**PROMPT**
The expected output is exactly the lines below, starting at the line with "시는 최근 '소방시설" and ending at the line with "Ergonomischer Tischwagen mit", both included; no other line belongs in it.

**DATA TO EXAMINE**
[Start of Attachment]
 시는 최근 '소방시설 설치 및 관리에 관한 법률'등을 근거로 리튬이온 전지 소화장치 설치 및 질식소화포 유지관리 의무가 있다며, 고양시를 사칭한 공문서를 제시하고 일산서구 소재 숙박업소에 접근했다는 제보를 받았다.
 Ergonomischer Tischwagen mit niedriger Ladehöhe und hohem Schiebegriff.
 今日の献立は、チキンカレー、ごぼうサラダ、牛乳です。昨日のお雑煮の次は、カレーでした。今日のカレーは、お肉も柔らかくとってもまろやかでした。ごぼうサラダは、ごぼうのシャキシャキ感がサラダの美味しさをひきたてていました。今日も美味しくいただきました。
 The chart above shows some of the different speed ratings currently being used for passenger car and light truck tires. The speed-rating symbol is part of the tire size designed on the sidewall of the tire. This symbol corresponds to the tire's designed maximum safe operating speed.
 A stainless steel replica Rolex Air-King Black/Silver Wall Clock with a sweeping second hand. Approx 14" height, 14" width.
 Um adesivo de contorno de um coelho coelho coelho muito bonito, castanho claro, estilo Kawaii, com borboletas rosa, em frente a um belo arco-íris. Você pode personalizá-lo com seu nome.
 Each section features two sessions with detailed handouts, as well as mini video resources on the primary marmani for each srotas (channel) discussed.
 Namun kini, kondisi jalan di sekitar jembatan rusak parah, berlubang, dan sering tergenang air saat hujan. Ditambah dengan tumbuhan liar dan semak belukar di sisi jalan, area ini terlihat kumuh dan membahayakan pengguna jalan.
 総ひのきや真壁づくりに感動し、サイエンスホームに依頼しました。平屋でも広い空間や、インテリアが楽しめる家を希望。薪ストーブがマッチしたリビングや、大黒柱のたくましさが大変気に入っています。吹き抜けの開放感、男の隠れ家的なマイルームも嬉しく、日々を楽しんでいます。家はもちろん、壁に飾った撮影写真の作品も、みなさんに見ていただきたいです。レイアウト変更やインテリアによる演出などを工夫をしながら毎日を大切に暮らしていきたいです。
[End of Attachment]
[Start of Attachment]
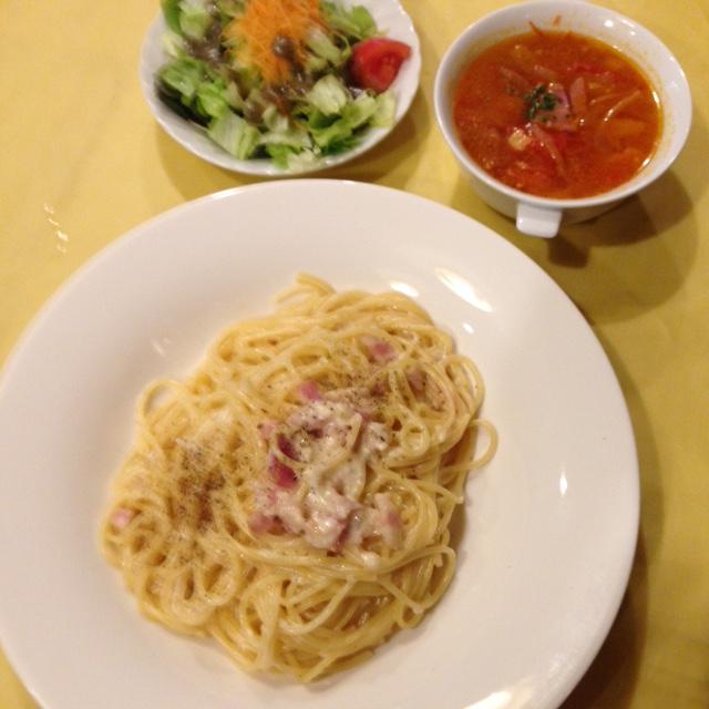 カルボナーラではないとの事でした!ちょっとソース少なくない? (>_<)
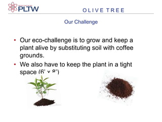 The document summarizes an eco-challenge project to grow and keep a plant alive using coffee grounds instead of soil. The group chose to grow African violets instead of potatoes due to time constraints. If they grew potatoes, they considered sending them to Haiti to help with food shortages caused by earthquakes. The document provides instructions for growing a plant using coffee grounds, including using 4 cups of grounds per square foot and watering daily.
[End of Attachment]
**REPLY TO THE EXERCISE**
 시는 최근 '소방시설 설치 및 관리에 관한 법률'등을 근거로 리튬이온 전지 소화장치 설치 및 질식소화포 유지관리 의무가 있다며, 고양시를 사칭한 공문서를 제시하고 일산서구 소재 숙박업소에 접근했다는 제보를 받았다.
 Ergonomischer Tischwagen mit niedriger Ladehöhe und hohem Schiebegriff.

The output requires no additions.